From the first line to the last, output the data exactly as it stands, minus its pictures.

» Information supplied

^^^^^^^^^^^^^^^^

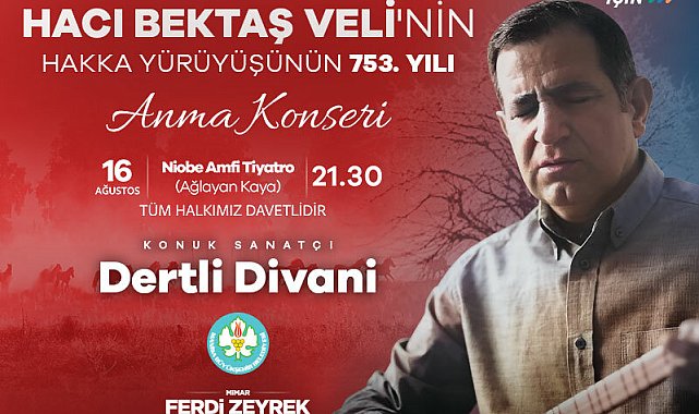 (MANİSA)- Manisa Büyükşehir Belediyesi, Hacı Bektaş Veli anısına konser düzenleyecek. Konserde, UNESCO Yaşayan İnsan Hazinesi Ödüllü Âşık Dertli Divani sahne alacak.Manisa Büyükşehir Belediyesi, Hacı Bektaş Veli’nin barış, sevgi ve hoşgörü temelli felsefesini yaşatmak için anma konseri düzenleyecek. 16 Ağustos Cuma günü saat 21.30’da düzenlenecek özel konser, Niobe Açık Hava Tiyatrosu’nda yapılacak. Konserde, UNESCO’nun ‘Yaşayan İnsan Hazinesi’ seçtiği halk ozanı Âşık Dertli Divani, konuk sanatçı olarak sahne alacak. Sanatçı, Hacı Bektaş felsefesini anlatacak ve türkülerle geceye renk katacak. Büyükşehir Belediyesi’nden yapılan açıklamada, “Tüm halkımızı bu anlamlı gecede bizlerle birlikte olmaya davet ediyoruz. Hacı Bektaş Veli’nin barış, sevgi ve hoşgörüye dayalı felsefesini anmak ve yaşatmak amacıyla 16 Ağustos Cuma günü, saat 21.30’da Niobe Amfi Tiyatro’da buluşalım” denildi.
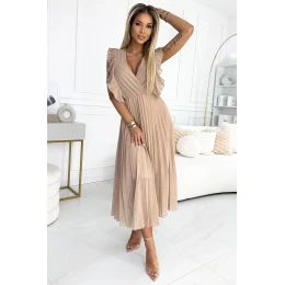 Sukně z elasické šifónové látky s výstřihem a volánky na ramenou. Sukně je ušitá v moderní délce 7/8. Na zádech se zapíná skrytým zipem. Sukně je v béžové barvě. Značka numoco. Vyrobeno v Polsku.
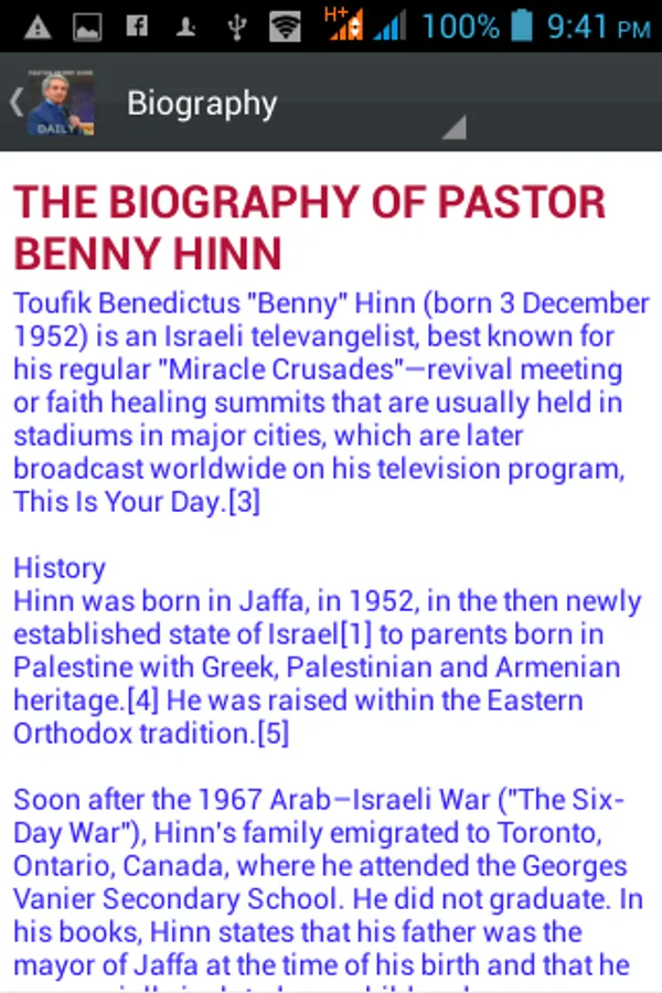 Toufik Benedictus "Benny" Hinn is an Israeli televangelist, best known for his regular "Miracle Crusades"—revival meeting or faith healing summits that are usually held in stadiums in major cities, ...

^^^^^^^^^^^^^^^^

» Solution below
 (MANİSA)- Manisa Büyükşehir Belediyesi, Hacı Bektaş Veli anısına konser düzenleyecek. Konserde, UNESCO Yaşayan İnsan Hazinesi Ödüllü Âşık Dertli Divani sahne alacak.Manisa Büyükşehir Belediyesi, Hacı Bektaş Veli’nin barış, sevgi ve hoşgörü temelli felsefesini yaşatmak için anma konseri düzenleyecek. 16 Ağustos Cuma günü saat 21.30’da düzenlenecek özel konser, Niobe Açık Hava Tiyatrosu’nda yapılacak. Konserde, UNESCO’nun ‘Yaşayan İnsan Hazinesi’ seçtiği halk ozanı Âşık Dertli Divani, konuk sanatçı olarak sahne alacak. Sanatçı, Hacı Bektaş felsefesini anlatacak ve türkülerle geceye renk katacak. Büyükşehir Belediyesi’nden yapılan açıklamada, “Tüm halkımızı bu anlamlı gecede bizlerle birlikte olmaya davet ediyoruz. Hacı Bektaş Veli’nin barış, sevgi ve hoşgörüye dayalı felsefesini anmak ve yaşatmak amacıyla 16 Ağustos Cuma günü, saat 21.30’da Niobe Amfi Tiyatro’da buluşalım” denildi.
 Sukně z elasické šifónové látky s výstřihem a volánky na ramenou. Sukně je ušitá v moderní délce 7/8. Na zádech se zapíná skrytým zipem. Sukně je v béžové barvě. Značka numoco. Vyrobeno v Polsku.
 Toufik Benedictus "Benny" Hinn is an Israeli televangelist, best known for his regular "Miracle Crusades"—revival meeting or faith healing summits that are usually held in stadiums in major cities, ...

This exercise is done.